EXERCISE DESCRIPTION: Copy out again, unchanged, the line that contains "El sable láser" and every line after it down to the last line of the data.
Top of DATA BLOCK
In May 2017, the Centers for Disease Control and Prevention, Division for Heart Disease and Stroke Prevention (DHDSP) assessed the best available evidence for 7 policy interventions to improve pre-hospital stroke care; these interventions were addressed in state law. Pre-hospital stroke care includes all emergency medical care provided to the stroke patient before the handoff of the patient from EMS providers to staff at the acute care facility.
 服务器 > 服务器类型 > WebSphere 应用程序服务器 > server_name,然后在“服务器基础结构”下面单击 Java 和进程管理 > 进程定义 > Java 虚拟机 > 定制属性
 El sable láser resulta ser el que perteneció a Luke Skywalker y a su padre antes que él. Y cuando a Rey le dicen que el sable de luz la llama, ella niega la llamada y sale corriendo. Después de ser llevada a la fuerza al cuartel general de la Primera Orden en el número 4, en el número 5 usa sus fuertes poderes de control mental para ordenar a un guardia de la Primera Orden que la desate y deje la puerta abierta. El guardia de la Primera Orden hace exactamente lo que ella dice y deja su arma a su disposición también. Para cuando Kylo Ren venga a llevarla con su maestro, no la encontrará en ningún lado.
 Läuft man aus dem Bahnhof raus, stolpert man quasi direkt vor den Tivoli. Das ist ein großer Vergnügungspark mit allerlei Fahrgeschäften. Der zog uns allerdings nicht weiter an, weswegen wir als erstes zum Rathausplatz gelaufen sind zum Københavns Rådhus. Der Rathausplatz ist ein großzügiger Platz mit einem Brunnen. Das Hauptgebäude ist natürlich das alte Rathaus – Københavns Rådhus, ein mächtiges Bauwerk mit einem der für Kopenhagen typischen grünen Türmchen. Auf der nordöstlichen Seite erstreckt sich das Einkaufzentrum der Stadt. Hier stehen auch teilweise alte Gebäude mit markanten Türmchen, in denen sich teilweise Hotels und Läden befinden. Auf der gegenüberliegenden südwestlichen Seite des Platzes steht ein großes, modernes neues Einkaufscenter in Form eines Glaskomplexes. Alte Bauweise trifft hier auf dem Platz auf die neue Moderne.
Bottom of DATA BLOCK
TASK ANSWER:
 El sable láser resulta ser el que perteneció a Luke Skywalker y a su padre antes que él. Y cuando a Rey le dicen que el sable de luz la llama, ella niega la llamada y sale corriendo. Después de ser llevada a la fuerza al cuartel general de la Primera Orden en el número 4, en el número 5 usa sus fuertes poderes de control mental para ordenar a un guardia de la Primera Orden que la desate y deje la puerta abierta. El guardia de la Primera Orden hace exactamente lo que ella dice y deja su arma a su disposición también. Para cuando Kylo Ren venga a llevarla con su maestro, no la encontrará en ningún lado.
 Läuft man aus dem Bahnhof raus, stolpert man quasi direkt vor den Tivoli. Das ist ein großer Vergnügungspark mit allerlei Fahrgeschäften. Der zog uns allerdings nicht weiter an, weswegen wir als erstes zum Rathausplatz gelaufen sind zum Københavns Rådhus. Der Rathausplatz ist ein großzügiger Platz mit einem Brunnen. Das Hauptgebäude ist natürlich das alte Rathaus – Københavns Rådhus, ein mächtiges Bauwerk mit einem der für Kopenhagen typischen grünen Türmchen. Auf der nordöstlichen Seite erstreckt sich das Einkaufzentrum der Stadt. Hier stehen auch teilweise alte Gebäude mit markanten Türmchen, in denen sich teilweise Hotels und Läden befinden. Auf der gegenüberliegenden südwestlichen Seite des Platzes steht ein großes, modernes neues Einkaufscenter in Form eines Glaskomplexes. Alte Bauweise trifft hier auf dem Platz auf die neue Moderne.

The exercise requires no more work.